Of course, the mainstream financial media are trying to portray the recent trend of rising interest rates as a sign that the economy is recovering, saying that it is increasing demand in the economy that is driving rates up. If this is so then why is the Baltic Dry Index, which is a measure of shipping rates, at rock bottom depression levels, and why are commodity prices near to their 2008 - 2009 crash lows?? No - the reason that rates are going up is that bond holders have finally seen the writing on the wall and woken up to the fact that governments around the world not only have no intention of honoring their debts, but are incapable of doing so, even if they wanted to, so why should they hold on to piles of ultimately worthless paper that don't even yield anything in the here and now? This is why bond and Treasury prices have been dropping, and notwithstanding any short-term bounce to alleviate the short-term oversold condition, look set to go into a self-feeding downward spiral that will drive rates sharply higher, turning the Fed into an impotent bystander. All this looks set to happen with a rapidity that will surprise many people and catch them off guard, particularly those who complacently assume that the long uptrend in many stockmarkets is set to continue forever.

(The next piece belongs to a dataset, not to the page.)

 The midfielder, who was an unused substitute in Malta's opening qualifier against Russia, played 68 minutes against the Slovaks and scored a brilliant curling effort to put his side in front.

Alright, so what is set to happen and what will drop and what will go up? Bond, commodity and stockmarkets look set to crash, with the rising rates associated with falling bond prices ripping the rug out from under the stockmarket. A wild "dash for cash" would be the result of this that will drive the dollar to possibly dizzying heights, like 2008 on steroids. Eventually, after this "swansong" rally, the dollar will crash and burn, especially when China - Russia roll out their gold backed new world reserve currency, an event which could trigger a war. Gold and silver will likely get caught up in this maelstrom and drop to new lows, despite imminent positive seasonal factors, but will later emerge into spectacular bullmarkets, and it will be important for any investors wanting to buy physical gold and silver to aim to do so ahead of the crash bottom, because after the turn it will be almost impossible to buy physical, and also to keep in mind that governments can be expected to pass laws enabling them to forcibly steal your gold and silver - so give some thought to where you are going to store it.

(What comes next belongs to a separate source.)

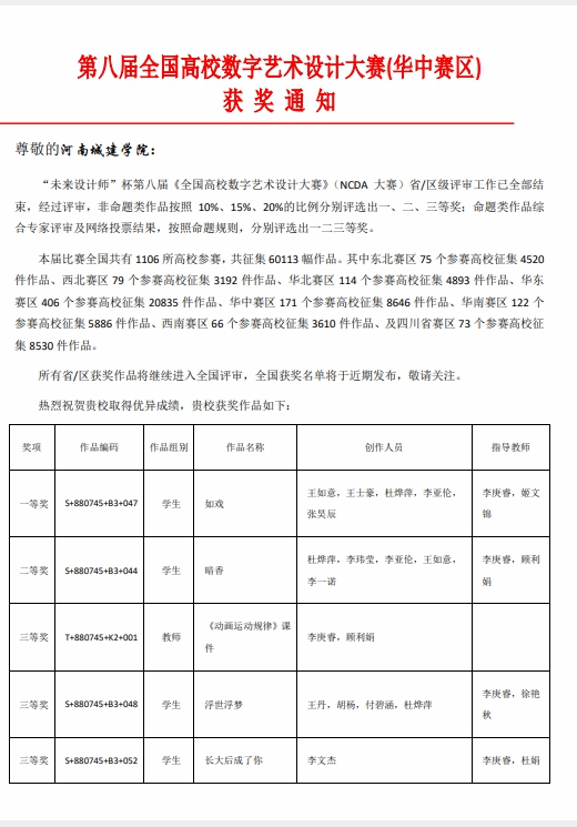 近日获悉公司师生在2020全国高校数字艺术设计大赛(NCDA大赛)中获得佳绩。beat365中文官网动画专业教师顾利娟、姬文锦、徐艳秋、李庚睿、杜娟,员工王如意、王士豪、杜烨萍、张昊辰、李文杰等在华中赛区荣获5项单项奖,其中作品《如戏》《暗香》入选国赛并分别获得国赛一、二等奖。

Our tactics therefore involve 2 main planks - cash: the US dollar, and bear ETFs, in bonds on any bounce and in stocks immediately. The more daring may consider out of the money Puts, and you should "swing until you hit", rolling into the next series until the plunge occurs. We hold off buying the Precious Metals sector until this last takedown has run its course, which will likely see gold drop to the $850 - $1000 area and silver to about $10. Then we come out "guns blazing" because the ensuing rally in gold and silver is likely to be spectacular, dwarfing what occurred in the late 70's.

Let's now quickly review some relevant charts.

We start with the 13-year chart for TLT, which is a good long T-Bond proxy. On this chart we see that despite the recent sharp drop, predicted on the site in the last Bond Market update, it still hasn't broken down from its long-term uptrend. The later stages of its bullmarket advance were of course fuelled by ZIRP, but since interest rates can't go much below 0, it is pretty obvious that this bullmarket has run its course, especially with rates looking set to rise in the face of Sovereign defaults. It is therefore expected to break down from this long-term uptrend to enter a bearmarket.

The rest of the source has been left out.